それ、究極なんだと思うんだよね。さっきの元太さんが持ってきたプロトサンプル見た時ね、「これ無印じゃん」って思ったことで。

- 無印良品ですか?

そうそう、無印って、今は変わってきた印象はあるけど、以前はああいうシンプルで削ぎ落した製品は、無印の製品って感じだったのね。今はどこでもそういう感じだけど、僕らの世代は、それを始めて作ったのが無印で、他にはなかったのでね。

-だから「無印」と感じたんですね。

そうそう、もうこれ以上省けない、どシンプルで、無印に並んでたら納得、というか。

 

無印のコンセプトが「機能性を叶える無駄を省いたデザイン」であって、だからこそ飽きの来ないプロダクトが多かった訳だから。
このSTAND!も、縦型だから邪魔にならない、ティッシュを抜いても手前に倒れたりしない、という機能性を叶えて、あとは無駄を省きに省いて、この形に辿り着いた。究極のデザインになったと。


驚愕の構造
底蓋がないのに「落ちない」理由

 

- そういうことなんですね。

見た目じゃないんだけど、底面に裏蓋がないことに、さらに驚いたの。

- 空きっぱなしってことでしょうか。

なんかさ、普通は裏蓋みたいのがあって、しっかり閉じてる印象だと思うんだけど、

「あれ?蓋ないんだ、へぇ、でも持ち上げたらティッシュボックス落ちてきちゃうじゃん」と思ったら、5cmの幅のティッシュボックスに合わせて設計してあるから、箱を押し込むと、底の縁に「スコッ」とはまって、立てても落ちてこないんです。

- !!!

まじで??

-(笑)

 

ほんとにそんな温度よ。「これサコッて入ったら、落ちてこないって、まじかよ……」って。オトナなのに言葉が悪くてすいません。

-大丈夫です(笑)。

でもね、ほんとうにそういう気持ちだったの。信じられないという気持ちね。でね、その縁(ふち)が、この箱状に作られた構造のキモというか。この縁がないと、強度として持たない訳。

-ええ?製品としての強度ですか?

そう、この曲げた縁を溶接してくっつけてあるから、この箱状を維持できてるの。そうじゃないと、簡単に歪んじゃう。だから、この縁は「ティッシュボックスが落ちてこないため」でもあるけど、「構造的な役割」も果たしている縁なの。

-(笑)そんな縁なんですか?

(笑)そんな縁なんだよ。だからこれ以上ほんとうに省けない、これ以下?どっちかわからんけど、すごい究極じゃんよって。失敬、これ絶対製品化しないといけないプロダクトじゃないですか。となった訳なんです。

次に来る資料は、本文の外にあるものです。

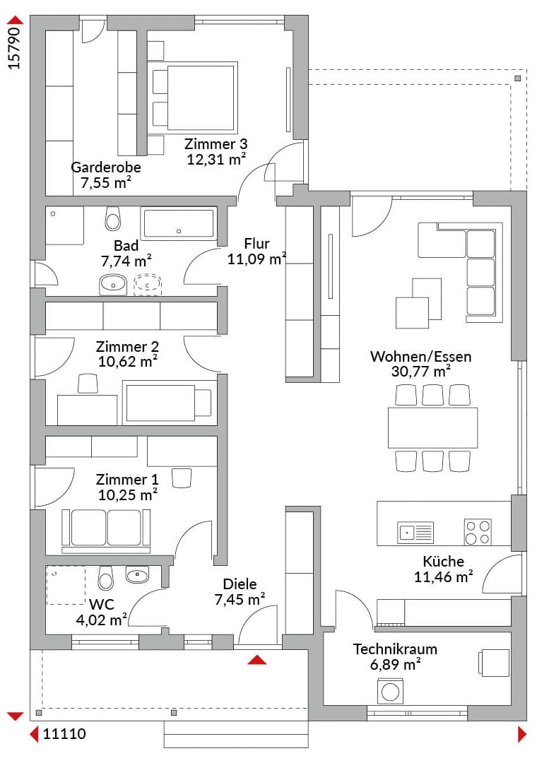 Winkelbungalow mit vier Zimmern, Ankleide, offener Küche, zwei Bädern, Gäste-WC, Speisekammer, Technikraum, Flur und großer Diele. Flachdach inkl. Haustür- und Terrassenüberdachung.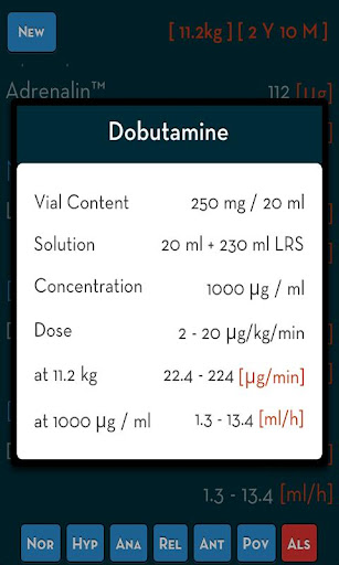 When you tap on the blue drug name, a window opens with vial contents, neccessary solutions, resulting concentrations, weight and age - based dosing information and finally the dose in [mg] und [ml] for the patient data you entered on the start screen.

-そういうのを含めて考えたら、間違いなく究極のデザインなんですね。

はい。だからこの先何年経ったとて、このデザインは古くならないと言い切れますね。

- この先時代が変わって、デコラティブな製品が主流になったとしても、それは一時的な流行り。インテリアはアパレルと違って流行の入れ替わりが激しくないですし、STAND!はパイオニアであって、一つの「完成形」と言えるかもしれないですね。

この世にティッシュがある限りね(笑)。

- そこはなくならないと思います(笑)。ありがとうございました。また面白い話を聞かせてください。

こちらこそ。また色々話させてください。